In addition, cold booting on battery power, then plugging the charger generates the "asus_wmi: Unknown key cf pressed" message. I remember seeing a different "key" one time I was quickly plugging and unplugging the charger, but not which specific key.
Created attachment 1627143 [details] Dmesg with rawhide kernel I managed to install the Rawhide kernel, and got some more output from the bug. Please find a new dmesg attached.
Is there anyone looking at this? I am experiencing the exact same issue on my ASUS UX391UA laptop.

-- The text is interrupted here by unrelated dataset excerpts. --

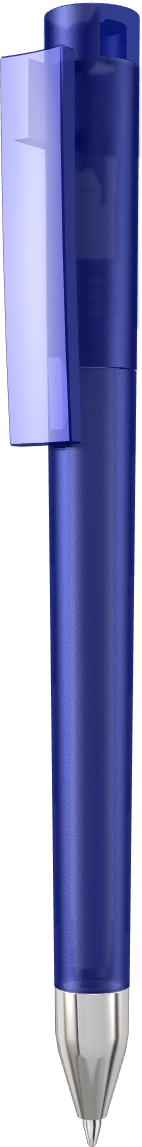 Drehkugelschreiber mit gedeckt glänzendem Gehäuse und Oberteil mit zwei farbigen Stopfen in gedeckt oder transparent. Schwere Metallspitze glanzverchromt.
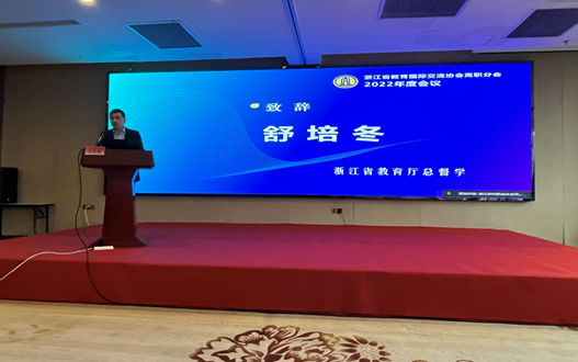 舒培冬在致辞中总结了浙江省高职院校在国际合作交流方面取得的成绩,充分肯定了高职分会在搭建平台方面起到的重要作用。他指出,高职分会成立以来,资源共享、优势互补、“抱团”行动,整体推进国际合作与交流,在提升我省职业教育国际影响力方面起到积极的作用,分会年会也成为全省高职院校交流经验、分享成果的重要舞台。由于疫情、国际关系等多重原因,职业教育国际化步伐有所放缓,大家在工作中也遇到了各种困难和挑战,他希望大家保持定力、深入探讨、凝聚共识、寻求方案,促进我省高职院校更好地服务“一带一路”倡议,努力开创我省职业教育国际化发展新格局。
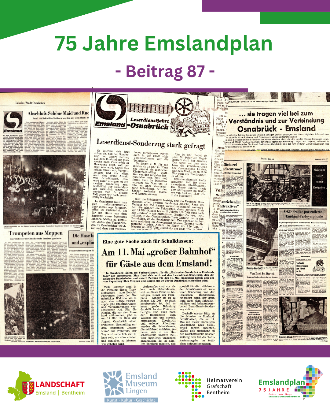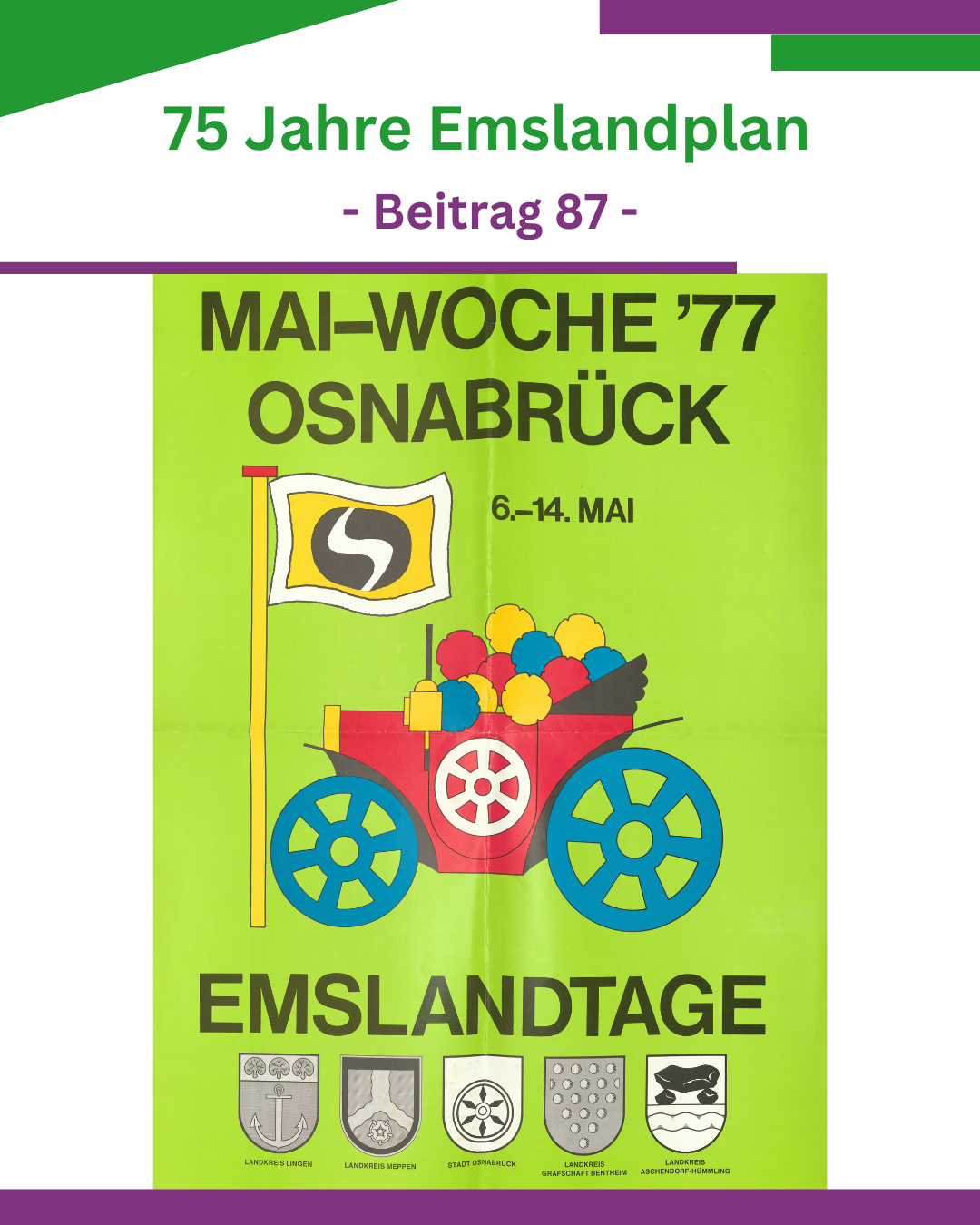 Kurz vor der Gründung des Landkreises Emsland gab es für die Emsland GmbH und die vier „Altkreise“ noch einmal die Möglichkeit, sich zu repräsentieren. Als vom 6. bis 14. Mai 1977 die Osnabrück-Tage stattfanden, war das Emsland – damals noch im Sinne eines geographischen oder wirtschaftlichen Begriffs – zu Gast. Der Emsländische Heimatbund organisierte, dass die vier Kreise Bilder zur Selbstdarstellung beisteuerten. Dafür schrieb der Direktor der Emsland GmbH und Schatzmeister des Heimatbundes, Gerd Hugenberg, die vier Kreise an. Die Motive symbolisierten das alte, traditionelle Emsland, aber auch die Fortschritte des Emslandplans. Auf dem Plakat ist auf der Fahne das Logo des Emslandes zu sehen.
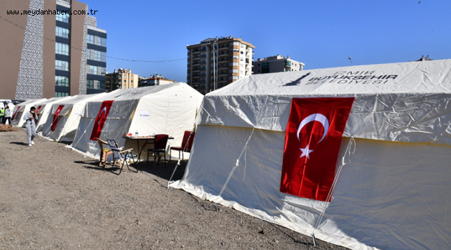 Bayraklı'da kurdukları yeni çadır alanı ile ilgili bilgi veren İzmir Büyükşehir Belediyesi Genel Sekreter Yardımcısı Yıldız Devran, depremzedelerin ihtiyaçlarını daha sistemli bir şekilde giderebilmek için gerekli tüm alt yapı hazırlıklarını tamamladıklarını belirterek, "Depremin hemen ardından yurttaşlarımız enkaz bölgelerinin yakınında olmak istedikleri için o bölgelerdeki parklarda çadır alanı oluşturduk. Onların ihtiyaçlarına uygun şekilde duş, çamaşır yıkama ve kurutma gibi üniteler eklemekle birlikte hizmetlerin daha sistemli yürütülmesini sağlamak hem de yağışlarda oluşabilecek sıkıntıları önlemek için farklı noktalarda dağınık halde bulunan çadırlarda kalan yurttaşlarımızı buraya taşıyoruz. Zeki Müren, 75. Yıl parkları, Migros bahçesi ile Değirmen Kafe önündeki yeşil alanda çadırlarda yaşayan yurttaşlarımızın buraya naklini sağladık. Bilal Çakırcalı Parkı, Aşık Veysel Rekreasyon Alanı'ndaki çadır bölgemiz ile AFAD'ın çadır alanları depremzedelerimize hizmet vermeye devam ediyor" diye konuştu.
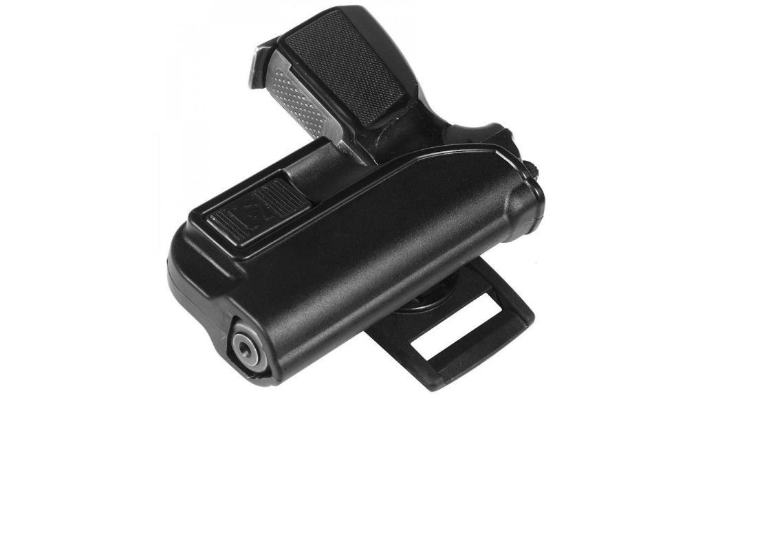 Крепление кобуры рассчитано на ремень 50 миллиметров, и позволяет регулировать угол наклона в произвольном положении.
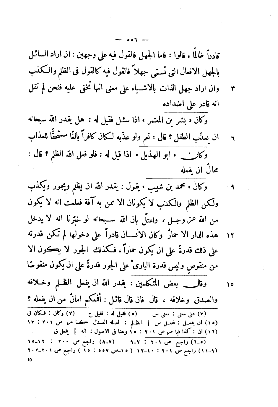 وكان بشر بن المعتمر إذا سئل فقيل له: هل يقدر الله سبحانه أن يعذب الطفل؟ قال: نعم ولو عذبه لكان كافراً بالغاً مستحقاً للعذاب.
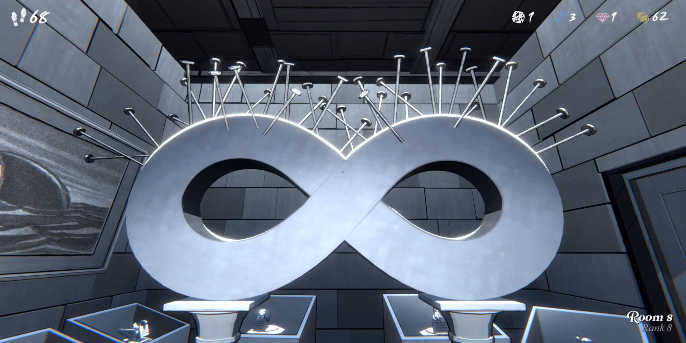 Μέσα σε αυτό το παράξενο δωμάτιο, θα συναντήσετε έναν μεγάλο αριθμό οκτώ που μοιάζει περισσότερο με το σύμβολο του άπειρου. Κατά μήκος του τοίχου, θα υπάρχουν επίσης οκτώ αγάλματα:
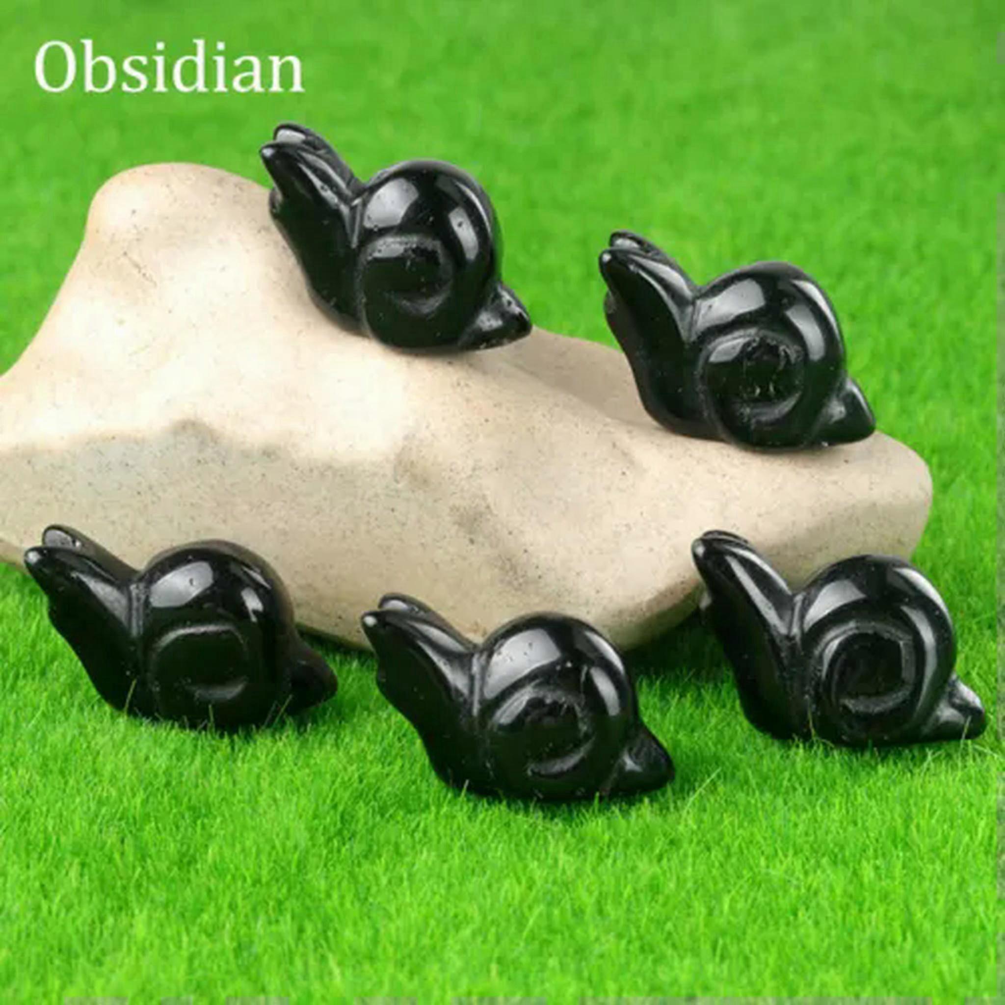 RSAMD Mini 1" Natural Gemstone Cute Snail Crystal Carving Figurine Statute Home Decor-1PC (Random Pick)-Obsidian
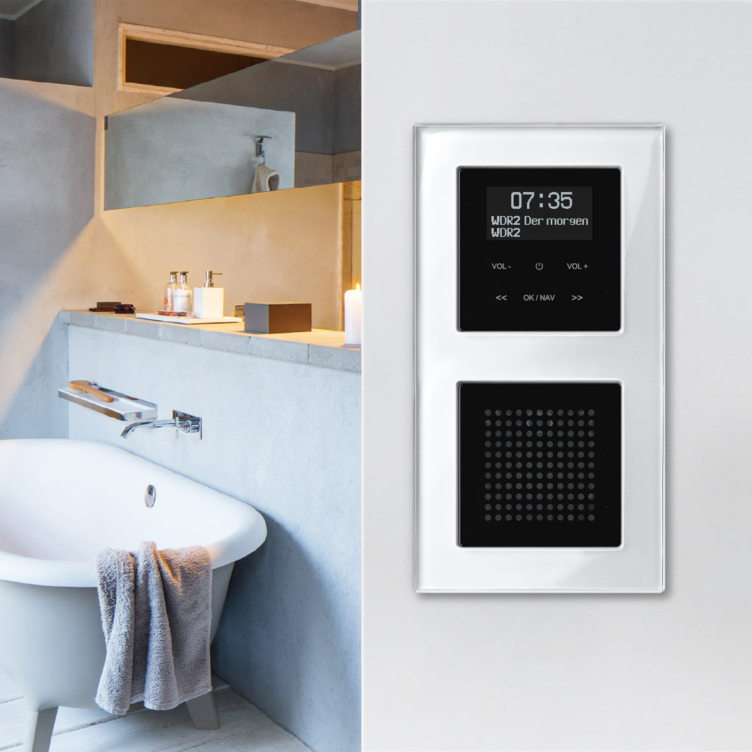 Platzsparend in einer Unterputzdose im Badezimmer installiert, kannst du mit dem Radio Set schon morgens unter der Dusche deine Musik per Bluetooth streamen oder über deine favorisierten DAB+ und UKW-Radiosender die tägliche Dosis Nachrichten erhalten.
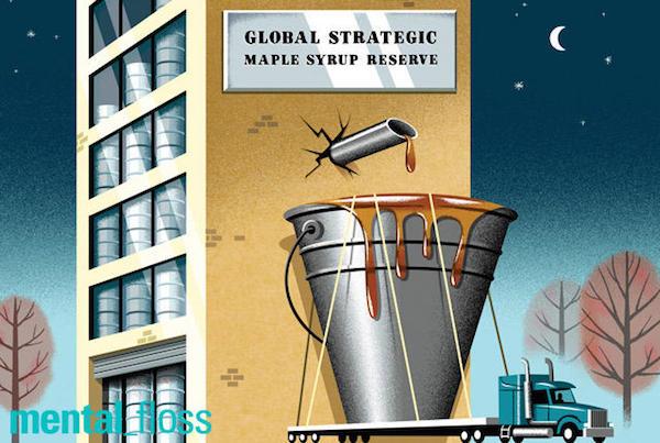 سرق الكمية الضخمة من مركز الاحتياطي الاستراتيجي العالمي لشراب القيقب الخاضع لإدارة اتحاد منتجي شراب القيقب في إقليم كيبيك الكندي.
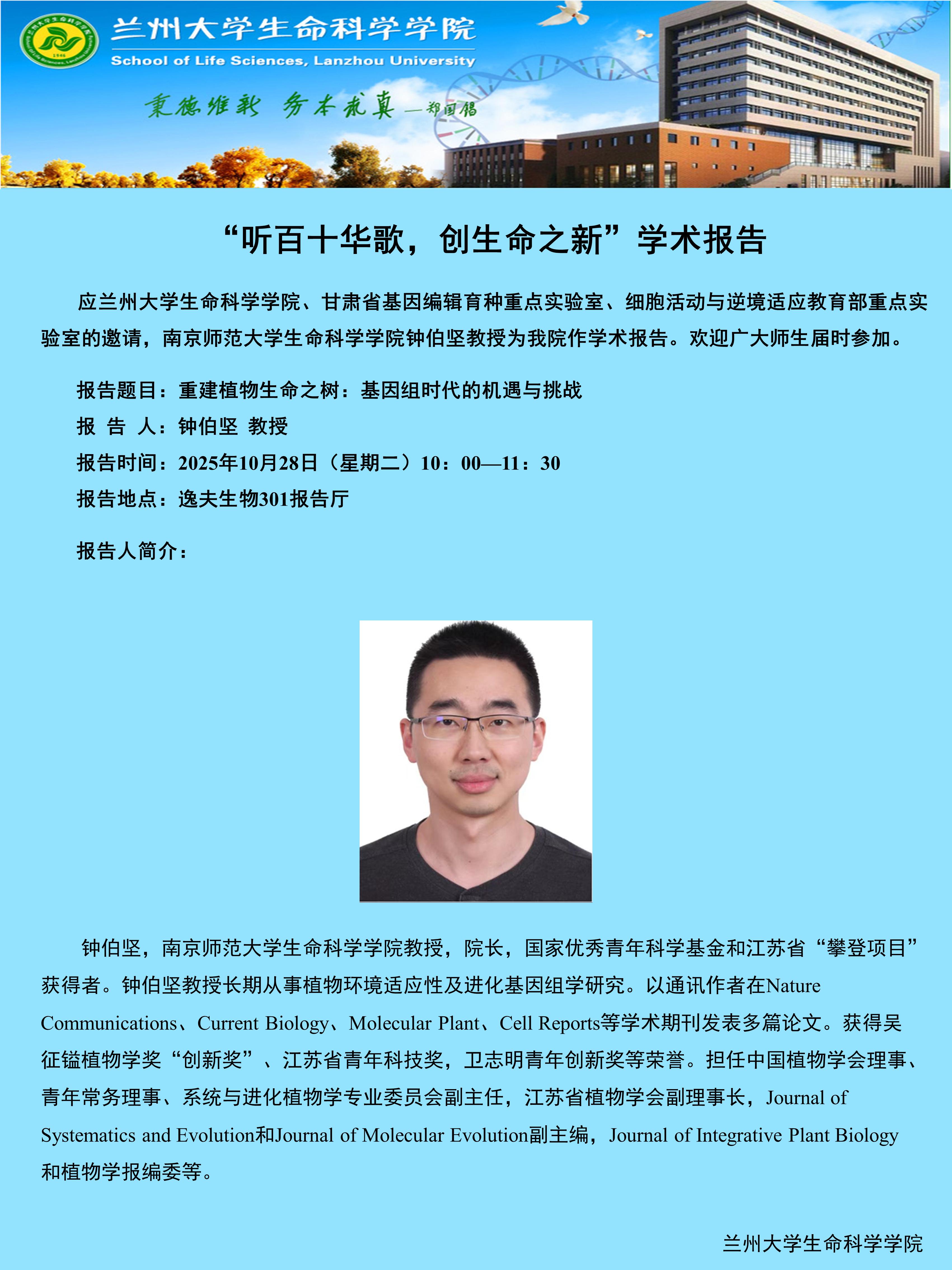 应兰州大学生命科学学院、甘肃省基因编辑重点实验室和细胞活动与逆境适应教育部重点实验室联合邀请,北京大学陈建国教授于2025年6月10日下午为我院教师作题为“生物科学‘101计划’及细胞与分子生物学教材建设”的报告。本次学术活动由生命科学学院院长侯岁稳教授主持,学院15门主干课程教学团队教师、新入职青年教师和部分研究生参加。陈建国教授简要介绍了“101”计划的背景,以及通过课程、教材、教师和实践项目等基础要素建...

This seems to be related to bug 1745924. As I mentioned there I have been talking to the upstream ucsi driver maintainer (Heikki Krogerus) and he would like for someone who is having this problem to file a bug at bugzilla.kernel.org and work through the issue with him there. Please go to https://bugzilla.kernel.org/enter_bug.cgi?product=Drivers choosing USB as component. So that he can work directly with you to debug this. Please post a link to the new bug here, then I can assign the kernel.org bug to him.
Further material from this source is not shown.